Q: How can we find the values of $\sin 0.9375^{\circ}$ and $\cos 0.9375^{\circ}$?

A: We can find the values of $\sin 0.9375^{\circ}$ and $\cos 0.9375^{\circ}$ by using the fact that $\sin 0^{\circ} = 0$ and $\cos 0^{\circ} = 1$. We can also use the fact that $\sin (90^{\circ} - \theta) = \cos \theta$ and $\cos (90^{\circ} - \theta) = \sin \theta$.
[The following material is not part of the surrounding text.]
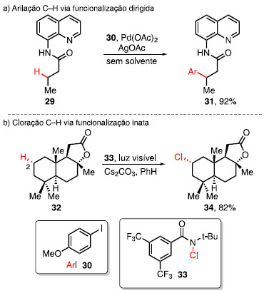 Em 1972, Shilov e colaboradores desenvolveram uma reação de ativação da ligação C-H de metano (17) mediada por complexo de platina, este que passa por intermediários de platina (IV), de alta valência, para obter a mistura de metanol (18) e cloreto de metila (19). Este exemplo se tornou o primeiro a utilizar complexos metálicos para a funcionalização de metano (Esquema 4b).13 Em 1983, Barton e colaboradores reportaram a oxidação C-H do adamantano (20) utilizando catálise de ferro, obtendo majoritariamente álcool secundário 22 e cetona 23 na frente do álcool terciário 21.14 Nos primeiros exemplos, foi empregado o uso de ferro metálico, sulfeto de hidrogênio, piridina e mistura de água e ácido acético, com o oxigênio molecular como fonte para a inserção de oxigênio na molécula. Esse tipo de reação ficou conhecida como reações de Gif, em homenagem à cidade de Gif-sur-Ivette, local onde os primeiros exemplos dessa reação foram realizados (Esquema 4c). Em 1992, Curci e colaboradores introduziram a oxidação do esteroide 24 utilizando trifluorometildioxirano (TFDO) 25, um dioxirano com alta reatividade, fornecendo o produto 26 (Esquema 4d).15 Esse reagente, além de oxidar a ligação C-H mais distante de um grupo retirador de elétrons, consegue realizar a funcionalização C-H de maneira concertada, sem que ocorra a formação de radical ou de carbocátion. Além disso, em 2001, Li e colaboradores utilizaram a catálise enzimática para hidroxilar derivados de pirrolidina 27 para o produto 28 (Esquema 4e).16 As células envolvidas, além da utilização após o crescimento, foram também utilizadas após meses de congelamento, sem que houvesse perda da atividade. Após os anos 2000, o número de estudos envolvendo reações de funcionalização de ligações C-H aumentou significativamente, trazendo com isso o desenvolvimento de novas metodologias sintéticas para a funcionalização quimiosseletiva dessas ligações.7,8 Esses avanços tiveram um grande impacto tanto na área de síntese total,17 quanto na área de funcionalização em estágio avançado, em que produtos naturais foram funcionalizados para obter derivados com melhor atividade biológica. Também foram reportadas derivatizações de candidatos de fármacos, diodos orgânicos emissores de luz (da sigla, OLEDs), estruturas metalorgânicas (da sigla, MOFs) e polímeros, mostrando o alcance que essa estratégia pode ter.3,7,8,18 No geral, existem duas estratégias na lógica de funcionalização C-H para favorecer a formação de um produto de forma seletiva: a "dirigida" e a "inata".19 A funcionalização C-H dirigida utiliza um segundo grupo funcional na molécula, o qual é chamado de grupo diretor ou grupo dirigente, para coordenar a um complexo metálico, e direcionar reatividade a uma ligação C-H mais próxima. Um exemplo deste tipo de funcionalização é o uso da 8-amino quinolina como grupo diretor para a arilação C-H, introduzida por Daugulis e colaboradores. No exemplo, é utilizado o substrato 29 que, na presença do iodeto de arila 30, Pd(OAc)2 e AgOAc, sofre a reação de arilação para fornecer o produto 31 (Esquema 5a).19,20,21

We know that $0.9375^{\circ} = 90^{\circ} - 89.0625^{\circ}$, so we can substitute $\theta = 89.0625^{\circ}$ into the formulas:

$$\sin (90^{\circ} - 89.0625^{\circ}) = \cos 89.0625^{\circ}$$

$$\sin 0.9375^{\circ} = \cos 89.0625^{\circ}$$

$$\cos (90^{\circ} - 89.0625^{\circ}) = \sin 89.0625^{\circ}$$

$$\cos 0.9375^{\circ} = \sin 89.0625^{\circ}$$

Q: What is the final value of $\sin 15^{\circ}$?

A: After substituting the values of $\sin 0.9375^{\circ}$ and $\cos 0.9375^{\circ}$ into the formula for $\sin 1.875^{\circ}$, we get:

$$\sin 1.875^{\circ} = 2 \cos^2 89.0625^{\circ}$$

Substituting this value into the formula for $\sin 3.75^{\circ}$, we get:

$$\sin 3.75^{\circ} = 4 \cos^2 89.0625^{\circ} \cos 1.875^{\circ}$$

Substituting this value into the formula for $\sin 7.5^{\circ}$, we get:

$$\sin 7.5^{\circ} = 8 \cos^2 89.0625^{\circ} \cos 3.75^{\circ}$$

Substituting this value into the formula for $\sin 15^{\circ}$, we get:

$$\sin 15^{\circ} = 2 \sin 7.5^{\circ} \cos 7.5^{\circ}$$

$$\sin 15^{\circ} = 2 (8 \cos^2 89.0625^{\circ} \cos 3.75^{\circ}) \cos 7.5^{\circ}$$

$$\sin 15^{\circ} = 16 \cos^2 89.0625^{\circ} \cos 3.75^{\circ} \cos 7.5^{\circ}$$

$$\sin 15^{\circ} = \frac{\sqrt{6 - \sqrt{3}}}{4}$$

Therefore, the final value of $\sin 15^{\circ}$ is $\frac{\sqrt{6 - \sqrt{3}}}{4}$.